You can read more about these stories in the book Heart: In the Studio, by Jake Brown.

Meaning of Barracuda

Barracuda, then, instead of being about an ex-lover, was about the industry sleazeballs who Ann and Nancy had had to deal with on their way to success. Ann Wilson explained: “‘Barracuda’ was just a real angry song about Nancy and I realizing firsthand how sleazy the record business was when we first got into ti. We weren’t treated with any credibility at all. We were out there working really hard and being treated like cheesecake items and they made us all really angry.”

Barracuda, perhaps inevitably, became a sort of anti-sexism anthem, but keep in mind that the sisters never had any ambition to become feminist leaders or be political at all. In fact, their friend Sue Ennis reveals that the ‘barracuda’ came from a specific record executive who said something lecherous to Ann one night after a show. Aftward, she said, “That guy was such a barracuda!” (Source)

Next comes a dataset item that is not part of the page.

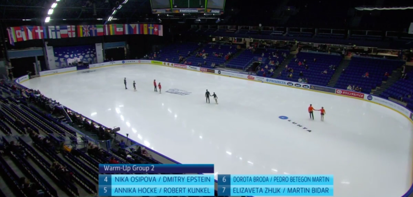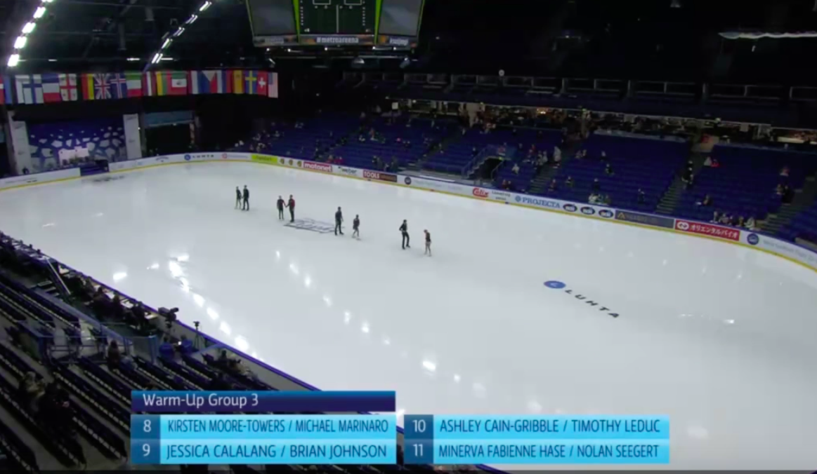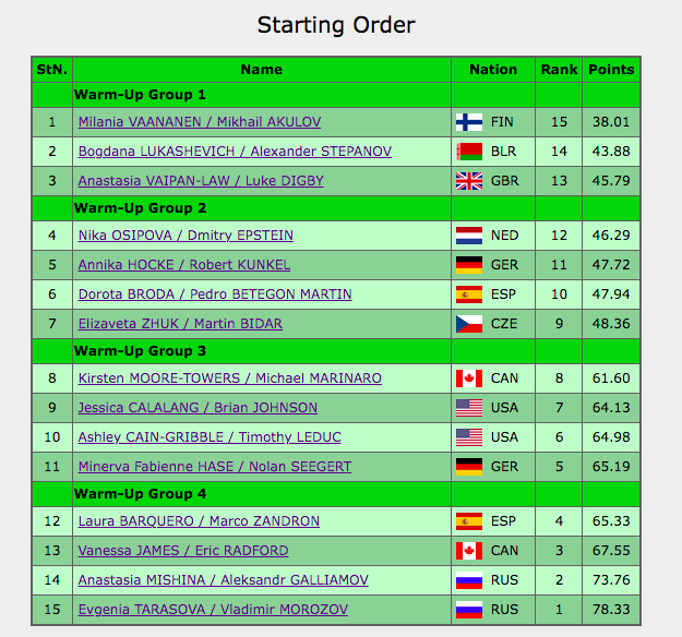 Началась разминка финальной группы участников, где выступят действующие чемпионы мира из России Анастасия Мишина / Александр Галлямов и ученики Этери Тутберидзе Евгения Тарасова / Владимир Морозов. Также здесь выступят канадцы Ванесса Джеймс и Эрик Редфорд.

John McCain, Sarah Palin, and Barracuda

Speaking of angry, the sisters weren’t too happy about Sarah Palin’s use of the song during the 2008 presidential campaign. While John McCain had “Johnny B. Good” as his theme song, his running mate Palin had Barracuda, which was played at campaign events. Apparently, she had been nicknamed Sarah Barracuda during her high school basketball days. Too bad the song was not meant to portray the ‘barracuda’ in a positive light. Palin never was much on common sense, though.

Ann and Nancy objected strenuously to the use of the song, saying “Sarah Palin’s views and values in NO WAY represent us as American women.” Unfortunately, while the Wilson’s would not have authorized the song’s use, they had little choice in the matter as the campaign had obtained proper rights through ASCAP, including payment of fees. (Source)

Given what the song was about, there is some irony in the campaign’s use of it, I suppose.